Task requirements: From the first line to the last, give the material again exactly, without the images.

Available data:
============================================================

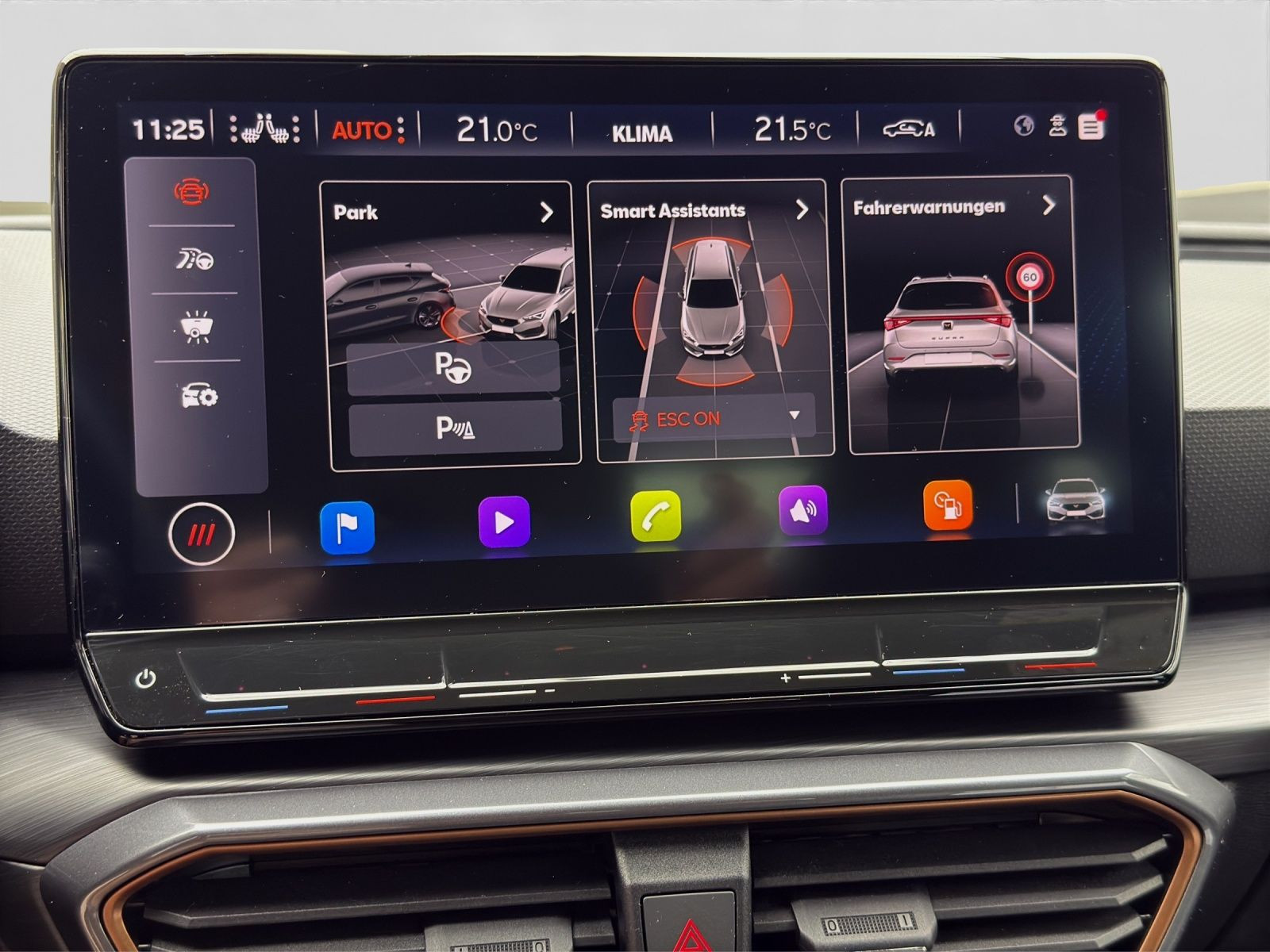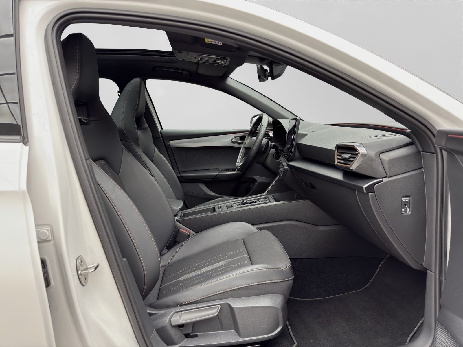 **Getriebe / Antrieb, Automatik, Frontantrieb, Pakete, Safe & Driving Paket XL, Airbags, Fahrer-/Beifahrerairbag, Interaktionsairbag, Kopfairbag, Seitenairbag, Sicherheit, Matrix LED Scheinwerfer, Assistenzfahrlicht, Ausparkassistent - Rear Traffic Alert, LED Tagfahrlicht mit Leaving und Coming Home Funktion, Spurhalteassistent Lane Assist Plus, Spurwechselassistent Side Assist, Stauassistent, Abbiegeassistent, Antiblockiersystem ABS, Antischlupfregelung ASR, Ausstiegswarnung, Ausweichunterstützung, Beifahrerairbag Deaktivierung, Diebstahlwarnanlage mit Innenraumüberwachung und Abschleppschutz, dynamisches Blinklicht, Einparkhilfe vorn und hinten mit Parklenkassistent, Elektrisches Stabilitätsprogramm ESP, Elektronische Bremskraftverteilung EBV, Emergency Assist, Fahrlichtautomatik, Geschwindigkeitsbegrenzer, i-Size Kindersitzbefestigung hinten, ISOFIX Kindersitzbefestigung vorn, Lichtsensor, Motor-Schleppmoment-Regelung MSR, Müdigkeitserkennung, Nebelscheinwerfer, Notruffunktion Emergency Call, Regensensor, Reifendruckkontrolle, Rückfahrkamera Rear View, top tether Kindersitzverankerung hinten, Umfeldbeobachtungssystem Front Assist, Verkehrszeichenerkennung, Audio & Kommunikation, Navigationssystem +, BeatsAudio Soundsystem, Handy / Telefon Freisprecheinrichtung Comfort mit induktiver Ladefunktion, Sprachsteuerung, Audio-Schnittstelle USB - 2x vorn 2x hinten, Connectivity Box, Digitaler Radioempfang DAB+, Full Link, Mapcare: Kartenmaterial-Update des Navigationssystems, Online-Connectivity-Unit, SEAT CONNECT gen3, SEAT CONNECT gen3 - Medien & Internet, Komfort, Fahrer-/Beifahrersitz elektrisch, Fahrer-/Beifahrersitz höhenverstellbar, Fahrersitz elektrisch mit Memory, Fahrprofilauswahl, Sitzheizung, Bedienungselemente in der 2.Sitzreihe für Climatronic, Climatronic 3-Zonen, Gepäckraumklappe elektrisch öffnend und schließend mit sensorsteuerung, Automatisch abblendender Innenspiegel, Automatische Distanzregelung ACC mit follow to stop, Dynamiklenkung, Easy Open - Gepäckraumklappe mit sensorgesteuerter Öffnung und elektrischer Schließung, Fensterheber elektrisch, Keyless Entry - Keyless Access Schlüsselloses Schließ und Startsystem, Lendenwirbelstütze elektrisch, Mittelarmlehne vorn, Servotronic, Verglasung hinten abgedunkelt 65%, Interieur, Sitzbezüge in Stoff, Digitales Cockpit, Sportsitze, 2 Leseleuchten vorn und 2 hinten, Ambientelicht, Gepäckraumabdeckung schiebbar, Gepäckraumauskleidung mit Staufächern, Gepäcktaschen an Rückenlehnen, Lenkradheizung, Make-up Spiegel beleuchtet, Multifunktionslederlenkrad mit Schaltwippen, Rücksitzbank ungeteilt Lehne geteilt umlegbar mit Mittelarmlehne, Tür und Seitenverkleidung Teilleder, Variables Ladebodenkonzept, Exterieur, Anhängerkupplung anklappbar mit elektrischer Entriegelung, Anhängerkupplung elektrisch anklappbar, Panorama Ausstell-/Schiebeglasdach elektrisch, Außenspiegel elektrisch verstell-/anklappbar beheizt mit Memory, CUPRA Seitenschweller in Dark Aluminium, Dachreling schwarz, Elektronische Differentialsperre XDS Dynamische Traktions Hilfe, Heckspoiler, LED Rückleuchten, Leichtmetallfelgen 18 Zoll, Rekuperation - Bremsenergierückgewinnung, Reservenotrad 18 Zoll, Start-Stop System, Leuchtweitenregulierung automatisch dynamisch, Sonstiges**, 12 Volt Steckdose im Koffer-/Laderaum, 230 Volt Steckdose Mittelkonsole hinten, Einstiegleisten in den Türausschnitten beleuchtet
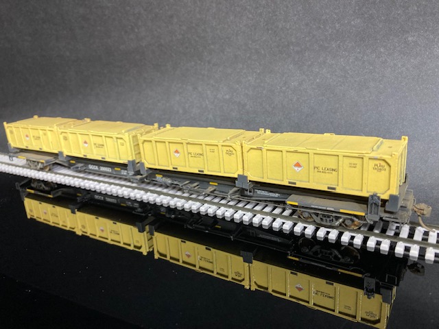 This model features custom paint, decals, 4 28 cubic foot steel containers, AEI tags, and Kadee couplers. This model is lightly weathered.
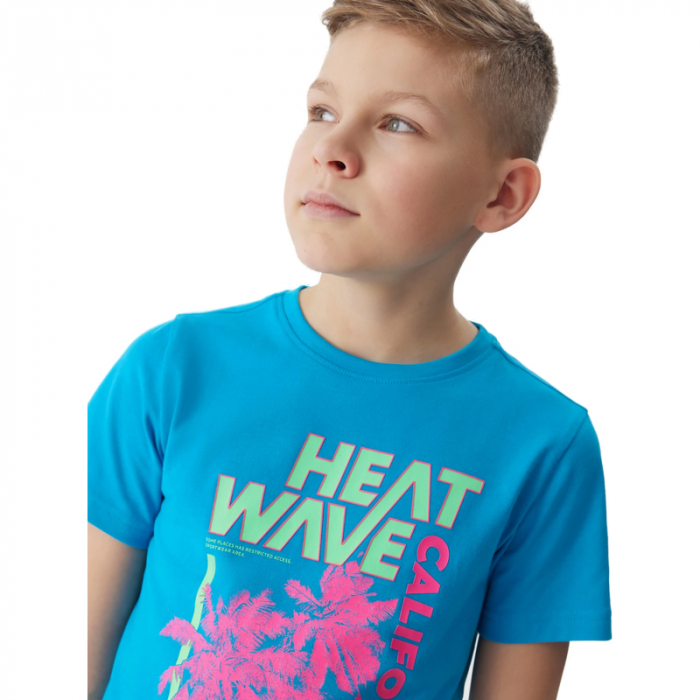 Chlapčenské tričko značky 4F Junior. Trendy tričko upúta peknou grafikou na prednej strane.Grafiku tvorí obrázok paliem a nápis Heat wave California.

============================================================

Solution for this exercise:
 **Getriebe / Antrieb, Automatik, Frontantrieb, Pakete, Safe & Driving Paket XL, Airbags, Fahrer-/Beifahrerairbag, Interaktionsairbag, Kopfairbag, Seitenairbag, Sicherheit, Matrix LED Scheinwerfer, Assistenzfahrlicht, Ausparkassistent - Rear Traffic Alert, LED Tagfahrlicht mit Leaving und Coming Home Funktion, Spurhalteassistent Lane Assist Plus, Spurwechselassistent Side Assist, Stauassistent, Abbiegeassistent, Antiblockiersystem ABS, Antischlupfregelung ASR, Ausstiegswarnung, Ausweichunterstützung, Beifahrerairbag Deaktivierung, Diebstahlwarnanlage mit Innenraumüberwachung und Abschleppschutz, dynamisches Blinklicht, Einparkhilfe vorn und hinten mit Parklenkassistent, Elektrisches Stabilitätsprogramm ESP, Elektronische Bremskraftverteilung EBV, Emergency Assist, Fahrlichtautomatik, Geschwindigkeitsbegrenzer, i-Size Kindersitzbefestigung hinten, ISOFIX Kindersitzbefestigung vorn, Lichtsensor, Motor-Schleppmoment-Regelung MSR, Müdigkeitserkennung, Nebelscheinwerfer, Notruffunktion Emergency Call, Regensensor, Reifendruckkontrolle, Rückfahrkamera Rear View, top tether Kindersitzverankerung hinten, Umfeldbeobachtungssystem Front Assist, Verkehrszeichenerkennung, Audio & Kommunikation, Navigationssystem +, BeatsAudio Soundsystem, Handy / Telefon Freisprecheinrichtung Comfort mit induktiver Ladefunktion, Sprachsteuerung, Audio-Schnittstelle USB - 2x vorn 2x hinten, Connectivity Box, Digitaler Radioempfang DAB+, Full Link, Mapcare: Kartenmaterial-Update des Navigationssystems, Online-Connectivity-Unit, SEAT CONNECT gen3, SEAT CONNECT gen3 - Medien & Internet, Komfort, Fahrer-/Beifahrersitz elektrisch, Fahrer-/Beifahrersitz höhenverstellbar, Fahrersitz elektrisch mit Memory, Fahrprofilauswahl, Sitzheizung, Bedienungselemente in der 2.Sitzreihe für Climatronic, Climatronic 3-Zonen, Gepäckraumklappe elektrisch öffnend und schließend mit sensorsteuerung, Automatisch abblendender Innenspiegel, Automatische Distanzregelung ACC mit follow to stop, Dynamiklenkung, Easy Open - Gepäckraumklappe mit sensorgesteuerter Öffnung und elektrischer Schließung, Fensterheber elektrisch, Keyless Entry - Keyless Access Schlüsselloses Schließ und Startsystem, Lendenwirbelstütze elektrisch, Mittelarmlehne vorn, Servotronic, Verglasung hinten abgedunkelt 65%, Interieur, Sitzbezüge in Stoff, Digitales Cockpit, Sportsitze, 2 Leseleuchten vorn und 2 hinten, Ambientelicht, Gepäckraumabdeckung schiebbar, Gepäckraumauskleidung mit Staufächern, Gepäcktaschen an Rückenlehnen, Lenkradheizung, Make-up Spiegel beleuchtet, Multifunktionslederlenkrad mit Schaltwippen, Rücksitzbank ungeteilt Lehne geteilt umlegbar mit Mittelarmlehne, Tür und Seitenverkleidung Teilleder, Variables Ladebodenkonzept, Exterieur, Anhängerkupplung anklappbar mit elektrischer Entriegelung, Anhängerkupplung elektrisch anklappbar, Panorama Ausstell-/Schiebeglasdach elektrisch, Außenspiegel elektrisch verstell-/anklappbar beheizt mit Memory, CUPRA Seitenschweller in Dark Aluminium, Dachreling schwarz, Elektronische Differentialsperre XDS Dynamische Traktions Hilfe, Heckspoiler, LED Rückleuchten, Leichtmetallfelgen 18 Zoll, Rekuperation - Bremsenergierückgewinnung, Reservenotrad 18 Zoll, Start-Stop System, Leuchtweitenregulierung automatisch dynamisch, Sonstiges**, 12 Volt Steckdose im Koffer-/Laderaum, 230 Volt Steckdose Mittelkonsole hinten, Einstiegleisten in den Türausschnitten beleuchtet
 This model features custom paint, decals, 4 28 cubic foot steel containers, AEI tags, and Kadee couplers. This model is lightly weathered.
 Chlapčenské tričko značky 4F Junior. Trendy tričko upúta peknou grafikou na prednej strane.Grafiku tvorí obrázok paliem a nápis Heat wave California.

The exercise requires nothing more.